Seth Hoy at Immigration Impact has a very interesting post on how state-level immigration bills are not passing.  In ten states, Arizona-type legislation is getting axed by legislative leaders.  For example:

Mississippi’s legislature killed more than 30 immigration-related bills this week that would have, among other things, required people to speak English before receiving a state license, denied public benefits to the undocumented and attached an additional fee to all wire transfers going out of the country. The most controversial of the package, however, was SB 2179—Mississippi’s Arizona-style bill which would require police to investigate the immigration status of those they suspect are in the country illegally.

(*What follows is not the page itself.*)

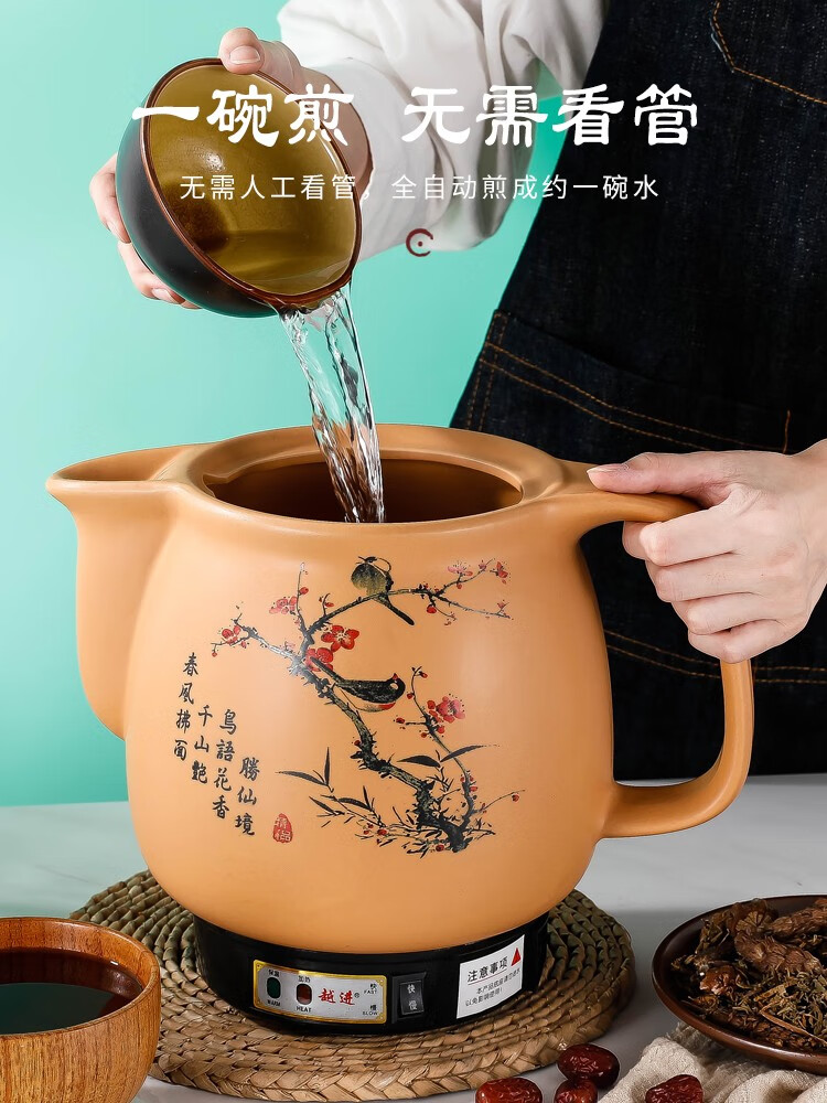 全自动中药壶煎药壶家用药罐插电煎中医砂锅熬药神器电药煲机煮锅嘉艾亿 黄色3L【黑晶】不粘锅+自动保温+鸣音

This is another example of why I criticized the New York Times article about how such bills are becoming more common in the South.  Yes, we will see immigration bills pass at the state and local level, as potentially in Georgia, but I think there are signs of greater pragmatism that don't tend to get media attention because they aren't exciting.


Vicente Duque 5:52 PM  

SB 1070 is in Cryogenics Death in the 9th Circuit Court of Appeals - 9th Circuit heard the case five months ago but has yet to rule - Russell Pearce sat in the front row of Bolton's court and looked extremely displeased

SB 1070 Case To Be Put On Hold
'Informal Stay' Granted Today In U.S. District Court
Pat McReynolds
Anchor/Reporter, KPHO CBS 5 News
April 1, 2011

Some excerpts :

PHOENIX -- U.S. District Judge Susan Bolten heard arguments Friday as to whether she should allow the state legislature to join the defense of SB 1070, Arizona's recently passed immigration enforcement law.

Senate President Russell Pearce sat in the front row and looked displeased with the back and forth. The attorney representing Pearce and the rest of the Legislature argued that because the Legislature authored SB 1070, it would offer unique insight in the case.

But judge Bolten didn't seem convinced. She asked what another lawyer could possibly offer that attorneys for the governor and the Arizona attorney general aren't already providing. In the end, she agreed to take the matter under advisement.

But Bolten also called for a stay on all action for the main arguments in the case until the 9th Circuit Court of Appeals rules on the constitutionality of Arizona's immigration enforcement law. The 9th Circuit heard the case five months ago but has yet to rule.